Disclaimer: Nada de esto me pertenece, la saga crepúsculo es propiedad de Stephenie Meyer y la trama es del libro "My Roommate is a Vampire" de Jenna Levine, yo solo busco entretener y que más personas conozcan esta historia.


Epílogo

Un año después

Una vez acabada la jornada, estaba guardando mis cosas para irme a casa cuando el móvil me vibró varias veces: me habían llegado nuevos mensajes.

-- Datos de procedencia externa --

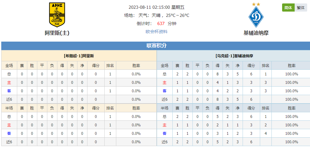 阿里斯在希腊超本赛季的26轮比赛成绩为12平4平10负,拿到了一个欧战名额。目前总积分为40分,排在联赛的第5名。联赛总进球为38球,进攻端也是积极的表现,总失球为24球,他们的防线表现显得平庸。阿里斯上一役联赛对战阿拉特阿美尼亚,终以1:0战胜对手,在主场成功建立了优势。阿里斯与基辅迪纳摩历史还未有过交战,此役首战能否拿下佳绩?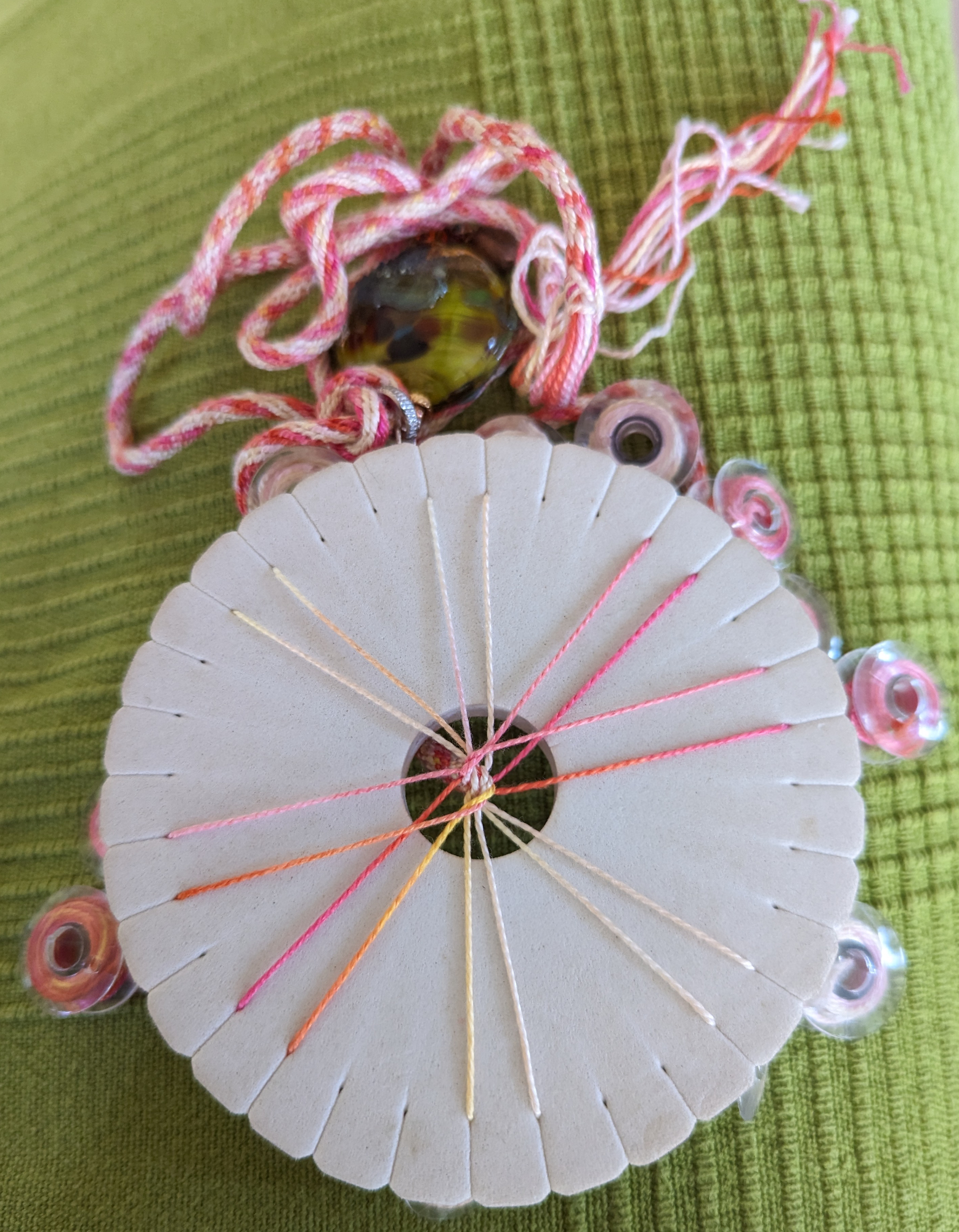 Had to look up kongoh, was originally thinking broken diamonds, except I have no idea how to keiruko no himo on the disk, & had forgotten I only do kongo on disk. Whoops! —Regular diamonds are a pattern that can be done with the kongoh structure, but I didn't set up the colourway for that.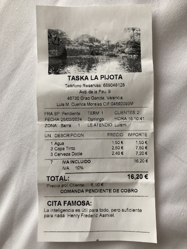 Read moreFuimos por recomendación y acertamos de pleno. Taska La Pijota no es el típico sitio de turistas: es un local auténtico, lleno de gente de la zona, con tapas y raciones caseras, sabrosas y a muy buen precio.

Tardé un minuto en encontrarlo en el bolso donde guardaba mi material artístico. Ahora que daba clases a tiempo completo y cada día tenía que llevármelo todo en el metro, el bolso que utilizaba era el más grande que había tenido nunca. Se diría que disponía como mínimo de una docena de bolsillos interiores, en los que las llaves y el móvil desaparecían una y otra vez.

Para cuando logré localizarlo, Edward me había mandado un buen puñado de mensajes.

Edward: Estoy esperándote delante de la entrada del edificio de Bellas Artes.

Llevo un atuendo que he elegido yo mismo esta tarde.

La camiseta de manga larga verde que te gusta con un pantalón negro.

Creo que le darás tu aprobación.

O, en cualquier caso, así lo espero.

Pero supongo que lo sabremos en breve.

Te echo de menos.

Una carcajada me ascendió por la garganta.

Edward A. Cullen, de trescientos cincuenta y un años, me enviaba mensajes con emojis.

Era casi imposible de creer.

Bella: Dejo guardadas un par de cosas y me voy. Esta semana hemos estado haciendo plástica, así que tengo el aula hecha un desastre.

Dame 15 minutos

Yo también te echo de menos

Lo encontré donde había dicho que estaría, a la sombra junto a la salida del pabellón de Bellas Artes de Harmony Academy. Estaba apoyado en el muro de ladrillos del edificio, con las piernas cruzadas a la altura de los tobillos, enfrascado en el teléfono.

Mientras me acercaba, levantó la vista y me dirigió una enorme sonrisa.

—Ya estás aquí.

—Pues sí. —Le cogí la mano y le di un apretón—. ¿Qué tal el día?

Encogió un hombro.

—Bien. Aburrido. Me he pasado la mayor parte intercambiando mensajes con el agente inmobiliario; cree que para finales del mes que viene podremos firmar el contrato de nuestro nuevo hogar. —Calló un instante—. El resto del día me lo he pasado escuchando a Lorenzo hablar maravillas de su contadora.

Un grupo de alumnos de mi clase de soldadura de la tarde pasó a nuestro lado. Me saludaron con la mano y yo les devolví el gesto con una sonrisa. Todavía me costaba creer que tuviera aquel trabajo, con alumnos que me respetaban y deseaban oír lo que tuviera que decirles.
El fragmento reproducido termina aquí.